Various researchers consider evolvable hardware to encompass various marriages of artificial evolution and hardware synthesis and operation. I see any hardware system that uses an evolutionary algorithm to guide alterations to its architecture as evolvable hardware. To review current work and read about some case studies, see the book chapter "On Evolvable Hardware", which can be downloaded from my publications page.
One of the main problems for evolvable hardware, and to a large extent EC in general, is that the difficulty in finding a good solution explodes as the size of the problem increases. My main research interest is finding methods to increase the scalability of evolvable hardware techniques, through improving the evolvability of the systems, rather than using brute force.
Evolvability of an EC system can be improved by tuning the problem to the evolutionary algorithm, thereby making the fitness landscape more tractable to the algorithm, or tuning the algorithm operators to the problem, so the algorithm moves across the landscape in a smoother manner. A number of techniques have been identified to achieve these, although they have not necessarily been applied to evolvable hardware specifically. The most common alteration to the algorithm is modularisation.

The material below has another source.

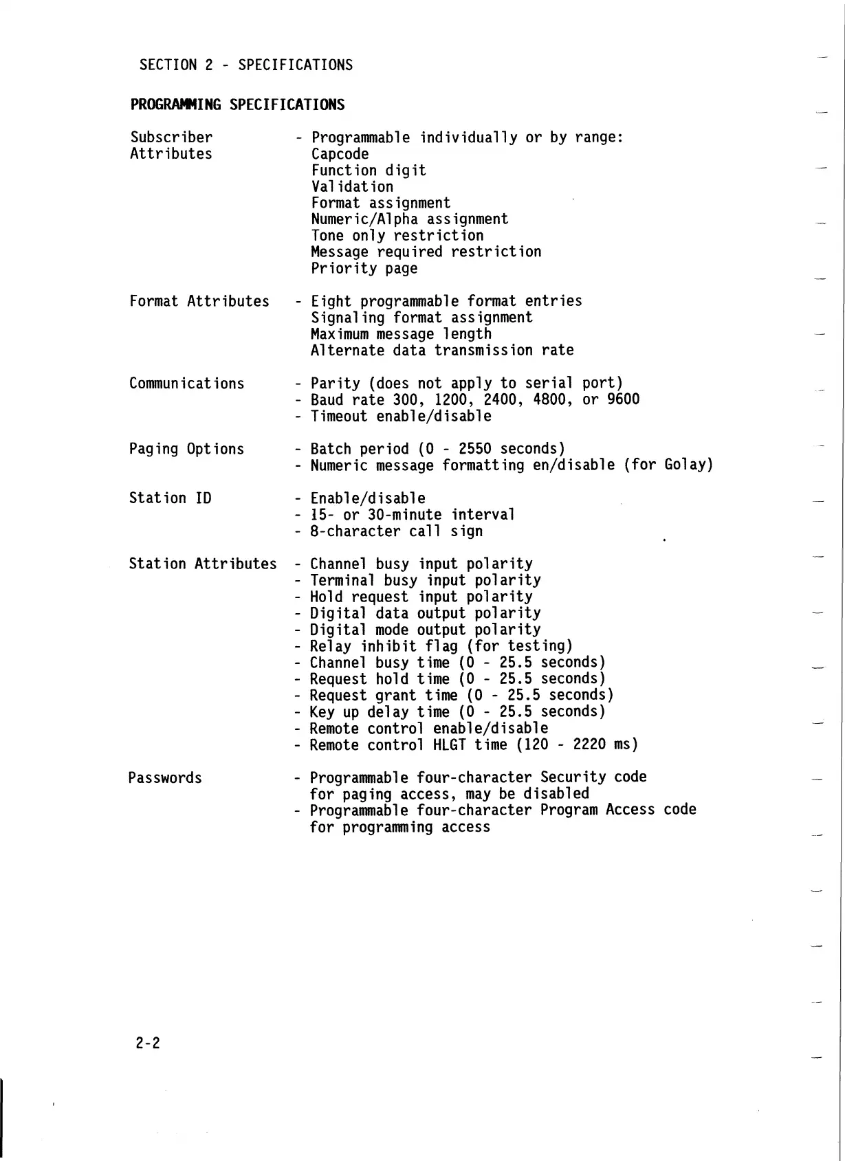 - Baud rate 300, 1200, 2400, 4800, or 9600

Many problems can be divided into sub-problems, which can be solved separately. Human designers tend to work using the principle of ‘divide and conquer’, recursively modularising problems from the top down. Evolutionary algorithms work from the bottom up, according to the building block theory looking for small, highly fit parts of a problem, and recombining these to find better solutions. Modularisation techniques can be used to help the evolutionary algorithm in its quest, by identifying and fixing these building blocks so we no longer have to rely purely on schema theorem to do all the work.
Modularisation techniques can be divided into two categories – explicit and implicit. Explicit modularisation techniques expressly search for modules to define within a solution. Those that have been used with evolutionary algorithms to date include ADFs and module acquisition.

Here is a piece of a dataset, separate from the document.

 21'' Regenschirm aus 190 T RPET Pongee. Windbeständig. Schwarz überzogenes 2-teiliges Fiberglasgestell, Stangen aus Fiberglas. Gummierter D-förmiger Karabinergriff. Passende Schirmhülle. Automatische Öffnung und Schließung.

Implicit methods produce modularity indirectly. The most obvious of these is the use of embryogenies, which occurs in nature. Embryogenies, or growth processes, can produce remarkable amounts of modularity at various levels, from the cellular to organ-level. Embryogenies can also provide other useful features, such as genotype compression and recursion of phenotype structures.
In nature, many species evolve simultaneously. Interactions between evolving species (or other groupings) can occur either directly, or indirectly through the environment or a third party. How similar interactions between artificial species can affect artificial evolution is a current area of research. Most of the work to date has been directed at using co-evolution with directly competing species, thus generating ‘arms races’ between the species.
Recently, work has begun to look at mutualism, where species evolve to co-operate, rather than to compete. These sorts of interactions have been found useful in a number of areas, including modularisation through speciation, where the co-evolving species must interact to produce a final solution. Modularisation through mutualism could prove to be a fruitful aid to scalability.
Changing the Problem
The other approach to improving evolvability is to change the problem representation to make the fitness landscape more evolvable. One of the great advantages of evolvable hardware is that the evolutionary algorithm will make use of any features of the representation that it finds useful. Therefore if we allow the algorithm to see our hardware as more than just synchronous digital hardware, we will be introducing a lot more detail to the fitness landscape. This could provide intermediate points in the landscape, which may result in a ‘smoother’ and more evolvable landscape, so much so that the increase in problem search space is offset by the increase in pathways to good solutions. Evolving designs intrinsically in FPGA hardware can allow us to explore this, which no software-only evolutionary paradigm can.
To ensure robustness, we may want to find a synchronous digital solution, but this does not preclude the use of other more esoteric points on our climb to that solution. Precisely how the bias of digital/analogue and synchronous/asynchronous behaviour should be directed during runs to achieve this is an interesting area of research, as is the whole issue of whether intrinsic evolvable hardware can really help with scalability in this manner.
Applications of Evolvable Hardware
I am also interested in identifying applications that evolvable hardware is suitable for. As scalability is improved, more applications will become realistic. Applications that I am currently interested in are general data compression, encryption and error correction.